Chairman of the Sichuan Provincial Committee of the Chinese People's Political Consultative Conference
- In office January 2013 – January 2014
- Preceded by: Tao Wuxian
- Succeeded by: Ke Zunping

Deputy Communist Party Secretary of Sichuan
- In office May 2002 – September 2011
- Secretary: Liu Qibao
- Preceded by: Wang Sanyun
- Succeeded by: Li Chuncheng

Secretary of Sichuan Provincial Commission for Discipline Inspection of the Chinese Communist Party
- In office May 2002 – May 2007
- Preceded by: Shen Guojun
- Succeeded by: Ou Zegao

Secretary-General of CPC Sichuan Provincial Committee
- In office August 2000 – May 2002
- Party Secretary: Zhou Yongkang
- Preceded by: Feng Chongtai
- Succeeded by: Guo Yongxiang

Communist Party Secretary of Ngawa Tibetan and Qiang Autonomous Prefecture
- In office March 1996 – August 2000
- Preceded by: Liu Zhongshu
- Succeeded by: Huang Xinchu

Personal details
- Born: January 1951 (age 75) Jianyang, Sichuan, China
- Party: Chinese Communist Party (1975–2014, expelled)
- Alma mater: Sichuan University of Finance and Economics

= Li Chongxi =

Chinese politician (born 1951)

Li Chongxi (李崇禧 (Lǐ Chóngxǐ); born January 1951) is a former Chinese politician.
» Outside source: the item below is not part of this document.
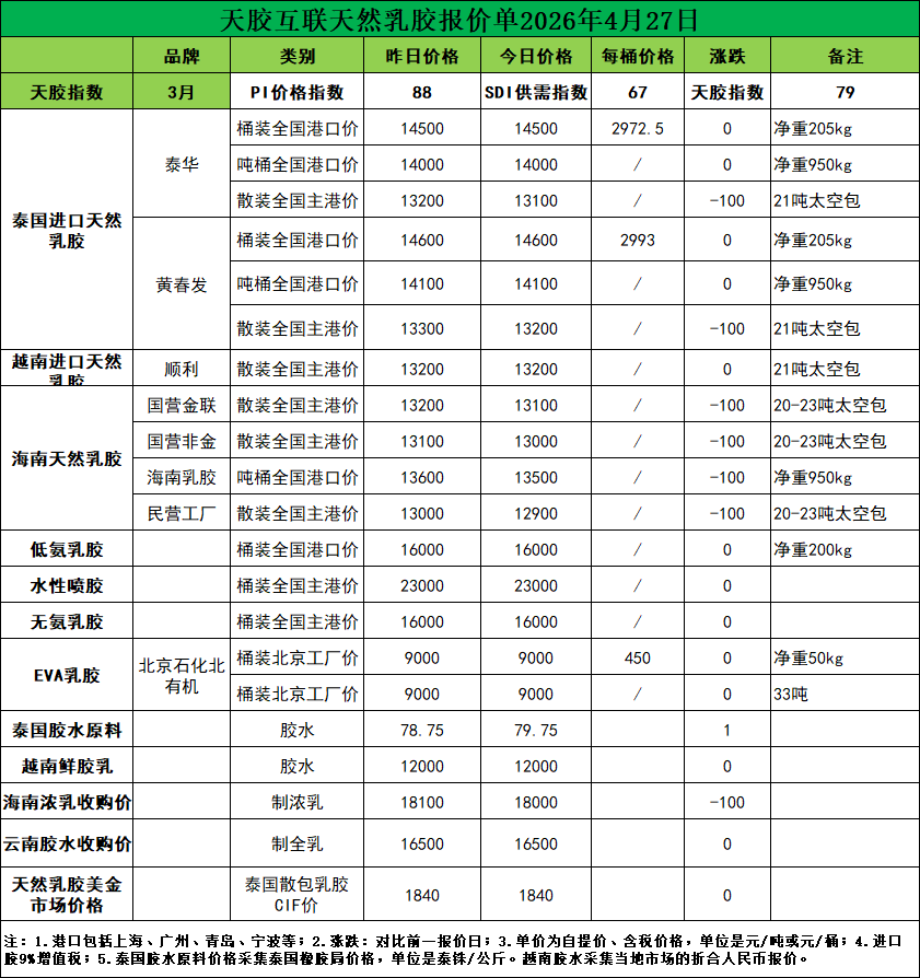 每吨降价100元!天然乳胶现货价格(2026.04.27)

From 2013 to 2014, Li served as chairman of the Sichuan Provincial Committee of the Chinese People's Political Consultative Conference, a mostly ceremonial legislative consultation body. Prior to that, Li served as the deputy party secretary of Sichuan province. Li Chongxi has been linked to disgraced former Politburo Standing Committee member Zhou Yongkang.

==Career==
Li was born in Jianyang, Sichuan in January 1951. Li got involved in politics in April 1972 and he joined the Chinese Communist Party in May 1975.
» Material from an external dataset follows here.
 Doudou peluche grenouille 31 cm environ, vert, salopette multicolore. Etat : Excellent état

After taking the National Higher Education Entrance Examination (NCEE) in 1977, Li entered Sichuan University of Finance and Economics in September 1978, majoring in public finance and graduated in August 1982. After graduation, Li worked in Chengdu as an officer.

In March 1995 he was promoted to become the vice-secretary of Garzê Tibetan Autonomous Prefecture, a position he held until March 1996, when he was transferred to Ngawa Tibetan and Qiang Autonomous Prefecture and appointed its party secretary. Li served as a Standing Committee member of the CPC Sichuan Committee and Secretary of Sichuan between August 2000 to May 2002.

Li was elevated to the deputy party secretary of Sichuan in May 2002, he remained in that position until September 2011. Li's time in provincial politics saw him work under four successive party secretaries, including Zhou Yongkang, Zhang Xuezhong, Liu Qibao, and Du Qinglin.

In January 2013, Li was promoted to become chairman of the Sichuan Provincial Committee of the Chinese People's Political Consultative Conference, earning him full provincial status for the first time in his life.

==Downfall==

On December 29, 2013, Li was being investigated by the Central Commission for Discipline Inspection for "serious violations of laws and regulations". On January 16, 2014, Li was dismissed from his positions. On September 11, 2014, Li was expelled from the Chinese Communist Party. His successor was selected a year later.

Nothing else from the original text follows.